“Goblin foxes are peculiarly dreaded in Izumo for three evil habits attributed to them…
The third and worst is that of entering into people and taking diabolical possession of them
and tormenting them into madness. This affliction is called kitsune-tsuki.
“The favourite shape assumed by the goblin fox for the purpose of deluding mankind is that
of a beautiful woman… Innumerable are the stories told or written about the wiles of fox-women.
And a dangerous woman of that class whose art is to enslave men, and strip them of all they
possess, is popularly named by a word of deadly insult — kitsune.”
Lafcadio Hearn, folklorist
The reek of summer is all upon us and they think I am crazy. I know they do. No one has said it yet in so many words, but I can see it in the angle of their eyes when they ask me how I slept. They don’t believe that I haven’t slept. They don’t believe that in the night, a fox enters my body beneath my fingernails and takes over all my inclinations. They tell me I am doing better. That’s the one way they get it right. I am feeling wonderful these days. Lithe and ready and ripe.

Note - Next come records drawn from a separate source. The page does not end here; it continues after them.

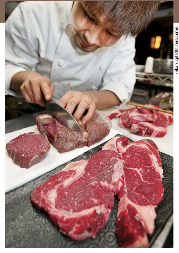
Japan, the world's top buyer of U.S. beef, suspended imports in late December 2003, after the U.S. confirmed its first case of mad cow disease. On Dec. 24, 2003, a Japanese chef sliced imported U.S. beef at a Tokyo restaurant.

The second U.S. BSE case may also hasten parts of the testing program that are planned but have not yet been implemented. For example, in addition to testing downers and cows with BSE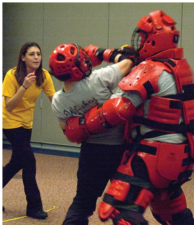
Rape Aggression Defense Class

The Southern Police Department provides a shuttle bus service and all of the shuttles are handicapped accessible. Currently, there are 10 enclosed bus stops located throughout the campus in high pedestrian traffic areas. On-Campus service is available Monday–Thursday from 7:30 a.m.–11:00 p.m. and Fridays from 7:30 a.m. to 5 p.m. The shuttle can be easily accessed in front of Hickerson Hall or by calling First Transit at 203-281-5470 until 11:00 p.m. Shuttles will also go to Union Station, New Haven, on Friday from 7 a.m. until 5 p.m., and the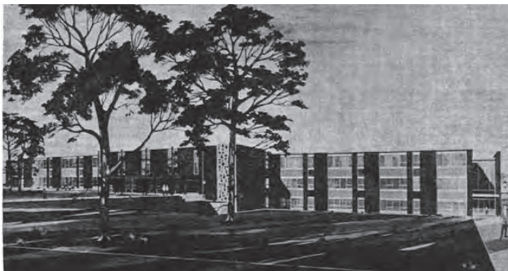
Charlottetown Rural Regional High School 1965 Department of Education Annual Report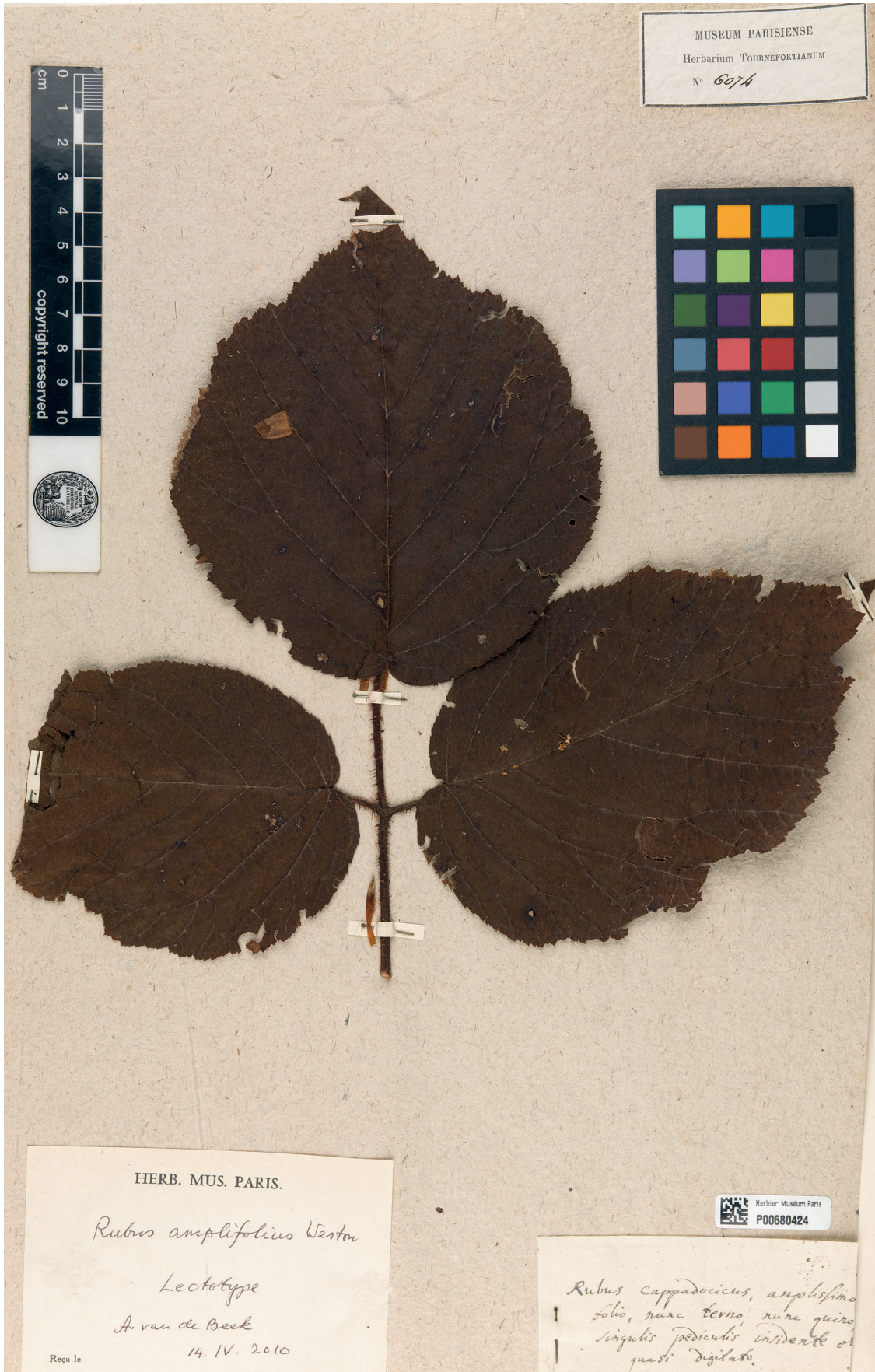
FIG. 7. — Lectotype of R. amplifolius Tourn. ex Weston (P00680424).

It is impossible to sleep with the windows closed in this heat: the air is heavy watermelons dunting against the panes. The sheets become a tangle of sweat; they drag around my limbs like kelp. I am no longer allowed to lock my door, in case I am a danger to myself. That is how they put it: “a danger to yourself”. I want to tell them that the only thing I am a danger to is the flesh of other young women, draped across other tangled bedsheets. I’m a danger to shrines and belief. But they look at my frame, they see the curve of my jaw and the softness of my eyes, and they think that no creature like me could ever be a vent for mischief. Of course, I never would be, if I were asked to choose.

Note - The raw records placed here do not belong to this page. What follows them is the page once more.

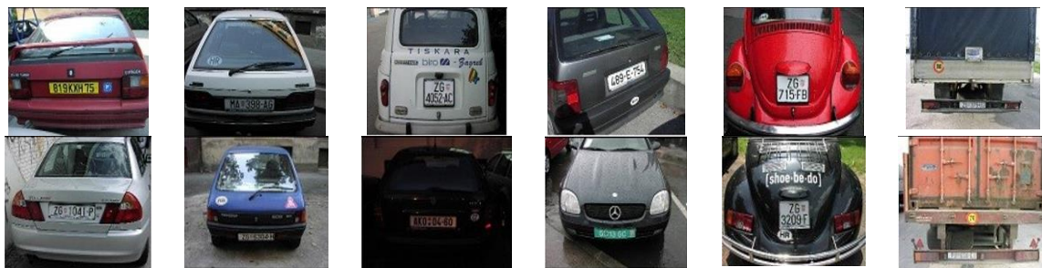
Figure 4. Some sample images that were used in training of the proposed method

The experiments were conducted on MATLAB with a computer having an Intel Xeon E5-1650 v4 CPU and 64 GB memory. A publicly available dataset was used in experiments that contains 502 images [29]. The vehicle images were collected under various environmental conditions such as cloudy day, rainy day and night lighting. The images cover different types of vehicle such as cars, trucks, buses and mini buses. All 502 images were used in training of the proposed approach and for testing procedure, randomly selected 100 images were flipped and rotated in 5 and 10 degrees. While Figure 4 shows some training sample images, Figure 5 shows some test sample images.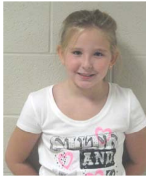
2010 Fall Coloring Contest Winner: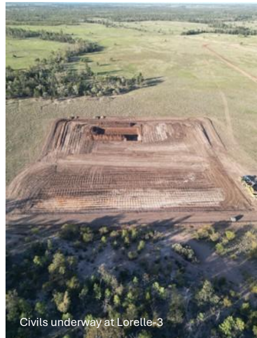
Civils underway at Lorelle-3

Civils, site preparation and well pad construction is underway and is 30% complete. All other long lead items have been secured, and the rig is expected to depart for the Lorelle-3 well site commencing mobilization and rig up on the 12 th of January 2026, with the spud of the well expected to occur shortly after that time.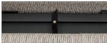
Seat cushion is field replaceable by detaching connection straps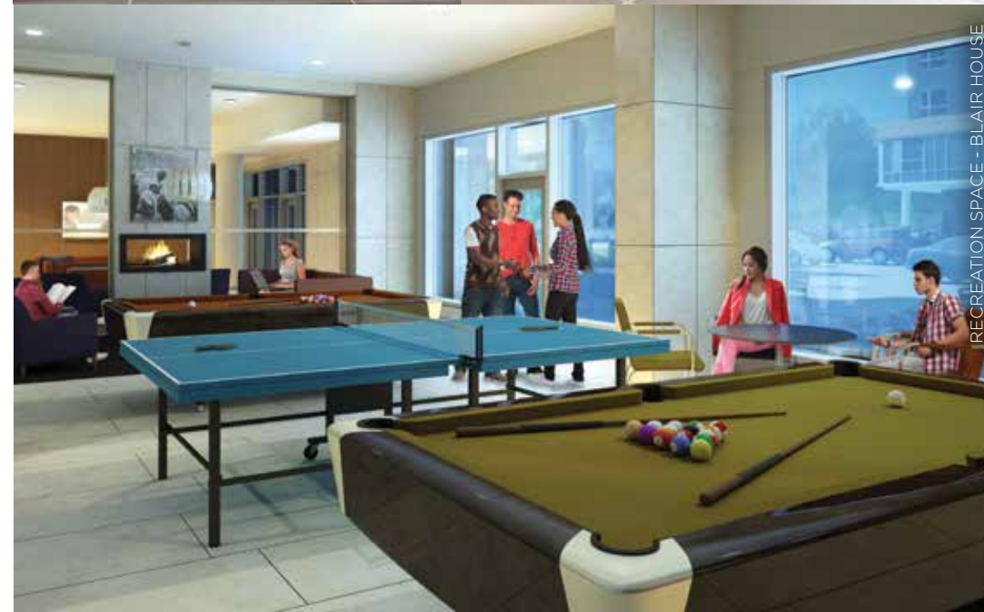
RECREATION SPACE - BLAIR HOUSE

THE #1 CHOICE FOR OFF-CAMPUS CONDO-STYLE LIVING FOR THE CONSCIENTIOUS STUDENT

But the window is open, my bed is ready, and Kitsune likes to come in the night.
When she is inside me, it is all I can do to keep from howling before we gather our supple fox paws and lace up my cherrypicker boots and leap out onto the fire-escape. I swallow that howl; I don’t want to wake the others. We can’t. Later, when the ache of daylight pours in, I’ll want to explain to them again and again, beg to be caught. But in the latest of hours I feel different. I feel the fur between my legs, rippling. I hum with the throb of the night.
As a fox, I am besotted by gutters. I tread quickly and silently. I dart between cars. As a fox, I travel across the city while the tramps look at me and see a girl in a bustled skirt picking her way, while the people hoot and holler. They do not see the tail that is tucked up beneath me, just as I don’t see their histories and arguments and all the people they have loved and left behind.

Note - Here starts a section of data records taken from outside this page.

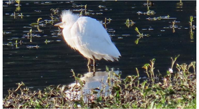
Cattle Egret

As I write this on 16 th August, a Spoonbill has today departed after 26 consecutive days.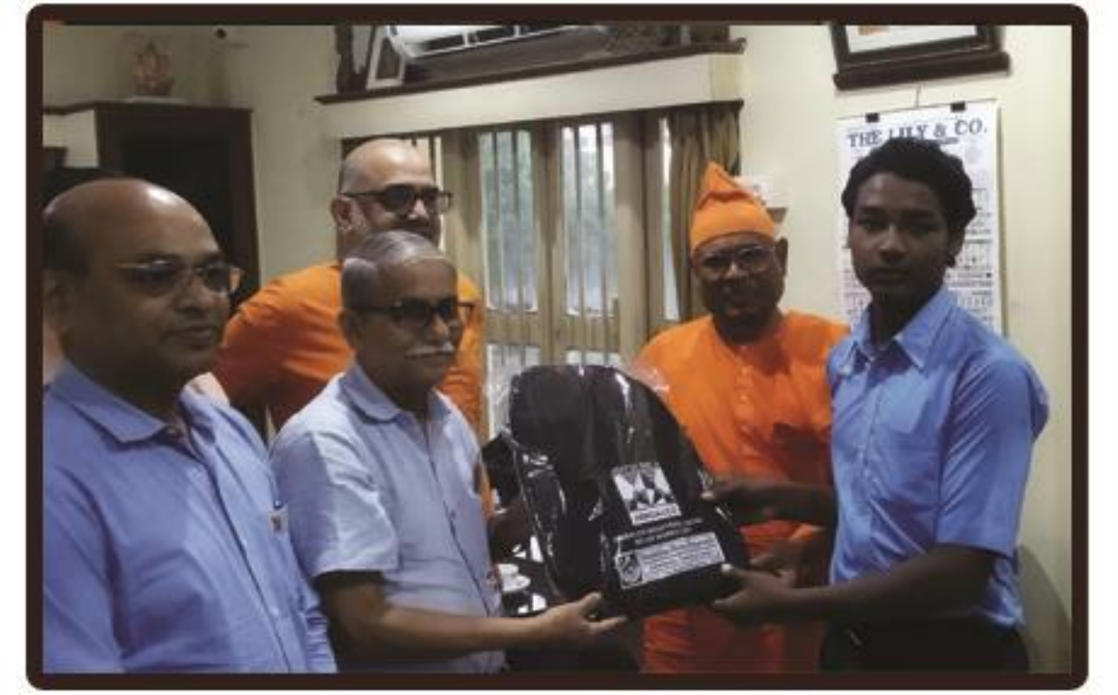
Student Bag Distribution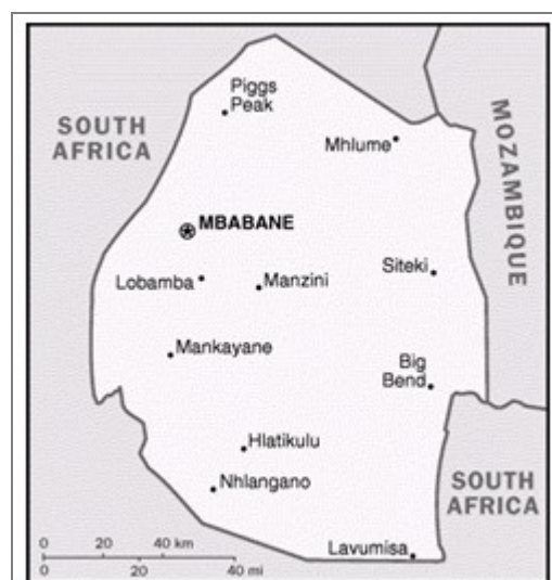
Figure 1. Location map of Swaziland

Swaziland is located between latitudes 30^{\circ} 30'E and 32^{\circ} 30'E of the Greenwich and between longitudes 25^{\circ} 30'S and 27^{\circ} 30' S of the Equator. The country is bounded in the north, west, south and south - east by the Republic of South Africa and to the north - east by the Republic of Mozambique. (Figure 1). The country covers a total area of 17,363\text{km}^2 , out of which 17,203\text{m}^2 is land and the remaining 160\text{km}^2 is water.

We look at one another, seeing nothing, and we brush shoulders that crackle. Then we pass into purple.
I take the subway uptown, where the parks are broader. Or I find myself at the docks. I try to stay away from the corners that are soft and sweet but Kitsune is having none of it. She tugs at my ankles; my hips roll. I descend into darkness.
I feel of late things have changed. Something clouds her eyes whenever I try and talk of plans. She is obsessed with the foxes, and there is nothing I can do to penetrate her façade.”
Three more months until we marry, and all I want to do is have the woman. To feel her body against me in bed, curled like silver shavings of lathe, waiting to be filled. But we – she – has already decided this isn’t going to be the case. We must wait, she says, she laughs, her church bells ringing.
Still, I feel of late things have changed. Something clouds her eyes whenever I try and talk of plans. She is obsessed with the foxes, and there is nothing I can do to penetrate her façade. There is nothing I can say that will make her drop her stupidity and come away with me.
Her mother believes that she needs bed rest and pampering and, though it is not my decision to make, I want to scream in all their ears. They are fools. What can bed rest do, when it is in bed she gives her mind to flights of fancy? When it is sleep that gives her mind the space to roam? She is convinced she spends each night padding the streets. She thinks she is ready for the world. One of these days, I am going to rip off the silence that says I am fine with everything.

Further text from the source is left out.